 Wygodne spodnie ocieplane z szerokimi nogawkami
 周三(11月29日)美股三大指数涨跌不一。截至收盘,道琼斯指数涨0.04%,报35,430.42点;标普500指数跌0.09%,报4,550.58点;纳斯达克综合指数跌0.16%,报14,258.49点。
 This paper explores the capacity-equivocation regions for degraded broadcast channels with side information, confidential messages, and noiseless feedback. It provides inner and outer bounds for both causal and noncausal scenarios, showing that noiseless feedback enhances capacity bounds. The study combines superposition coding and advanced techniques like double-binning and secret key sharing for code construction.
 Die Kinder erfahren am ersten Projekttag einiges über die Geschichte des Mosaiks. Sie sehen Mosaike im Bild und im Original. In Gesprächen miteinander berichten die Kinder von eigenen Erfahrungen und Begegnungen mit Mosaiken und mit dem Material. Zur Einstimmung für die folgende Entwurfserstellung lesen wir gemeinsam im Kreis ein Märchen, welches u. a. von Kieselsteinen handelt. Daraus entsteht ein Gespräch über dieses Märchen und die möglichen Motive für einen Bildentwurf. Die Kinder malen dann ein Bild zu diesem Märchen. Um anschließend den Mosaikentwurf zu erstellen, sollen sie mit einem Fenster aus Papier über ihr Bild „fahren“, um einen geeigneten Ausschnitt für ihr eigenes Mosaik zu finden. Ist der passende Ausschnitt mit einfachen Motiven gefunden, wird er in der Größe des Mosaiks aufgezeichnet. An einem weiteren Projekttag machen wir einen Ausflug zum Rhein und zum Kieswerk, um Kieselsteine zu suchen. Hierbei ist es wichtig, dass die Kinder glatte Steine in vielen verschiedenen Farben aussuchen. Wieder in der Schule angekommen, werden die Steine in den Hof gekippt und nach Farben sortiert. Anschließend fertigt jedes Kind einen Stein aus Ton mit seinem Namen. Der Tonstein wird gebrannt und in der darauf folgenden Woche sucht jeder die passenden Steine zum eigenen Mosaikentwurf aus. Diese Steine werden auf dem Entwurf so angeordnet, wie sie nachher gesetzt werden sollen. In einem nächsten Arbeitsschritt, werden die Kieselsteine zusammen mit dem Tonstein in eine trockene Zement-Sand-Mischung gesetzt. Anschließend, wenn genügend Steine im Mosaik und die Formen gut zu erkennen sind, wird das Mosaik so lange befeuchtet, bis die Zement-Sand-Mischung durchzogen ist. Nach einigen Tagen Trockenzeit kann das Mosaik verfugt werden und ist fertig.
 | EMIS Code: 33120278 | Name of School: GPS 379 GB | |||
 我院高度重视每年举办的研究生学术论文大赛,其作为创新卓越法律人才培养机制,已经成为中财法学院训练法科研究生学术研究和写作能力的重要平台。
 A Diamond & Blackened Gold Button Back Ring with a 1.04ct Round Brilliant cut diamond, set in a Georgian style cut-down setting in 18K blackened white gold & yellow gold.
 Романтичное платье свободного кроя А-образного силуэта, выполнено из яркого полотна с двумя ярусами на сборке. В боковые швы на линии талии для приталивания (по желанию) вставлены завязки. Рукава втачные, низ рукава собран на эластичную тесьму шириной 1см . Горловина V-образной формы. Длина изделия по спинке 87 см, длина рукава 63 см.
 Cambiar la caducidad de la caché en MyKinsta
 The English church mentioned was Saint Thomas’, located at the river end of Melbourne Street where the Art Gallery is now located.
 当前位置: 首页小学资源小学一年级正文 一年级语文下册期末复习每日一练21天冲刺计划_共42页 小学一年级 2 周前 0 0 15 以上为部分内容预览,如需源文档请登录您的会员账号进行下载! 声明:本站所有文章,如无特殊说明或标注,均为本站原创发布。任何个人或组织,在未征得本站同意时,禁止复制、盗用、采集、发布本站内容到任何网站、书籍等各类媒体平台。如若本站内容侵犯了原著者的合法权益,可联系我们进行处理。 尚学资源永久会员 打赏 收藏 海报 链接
-.-.-
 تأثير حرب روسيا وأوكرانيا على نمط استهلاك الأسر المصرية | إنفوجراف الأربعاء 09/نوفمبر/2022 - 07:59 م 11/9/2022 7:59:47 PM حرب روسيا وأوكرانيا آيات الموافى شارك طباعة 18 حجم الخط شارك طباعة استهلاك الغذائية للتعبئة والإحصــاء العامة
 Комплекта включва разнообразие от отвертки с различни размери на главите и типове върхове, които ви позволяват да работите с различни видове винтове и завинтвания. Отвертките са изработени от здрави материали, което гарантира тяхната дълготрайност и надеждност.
-.-.-
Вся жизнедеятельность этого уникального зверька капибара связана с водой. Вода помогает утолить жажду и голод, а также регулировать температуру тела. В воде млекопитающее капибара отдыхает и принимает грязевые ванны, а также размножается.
-.-.-
• **Instructions to follow**
Copy, exactly and only, the lines above that begin with the one containing "379 GB | |||" and finish with the one containing "The English church".

• **Answer for this exercise**
 | EMIS Code: 33120278 | Name of School: GPS 379 GB | |||
 我院高度重视每年举办的研究生学术论文大赛,其作为创新卓越法律人才培养机制,已经成为中财法学院训练法科研究生学术研究和写作能力的重要平台。
 A Diamond & Blackened Gold Button Back Ring with a 1.04ct Round Brilliant cut diamond, set in a Georgian style cut-down setting in 18K blackened white gold & yellow gold.
 Романтичное платье свободного кроя А-образного силуэта, выполнено из яркого полотна с двумя ярусами на сборке. В боковые швы на линии талии для приталивания (по желанию) вставлены завязки. Рукава втачные, низ рукава собран на эластичную тесьму шириной 1см . Горловина V-образной формы. Длина изделия по спинке 87 см, длина рукава 63 см.
 Cambiar la caducidad de la caché en MyKinsta
 The English church mentioned was Saint Thomas’, located at the river end of Melbourne Street where the Art Gallery is now located.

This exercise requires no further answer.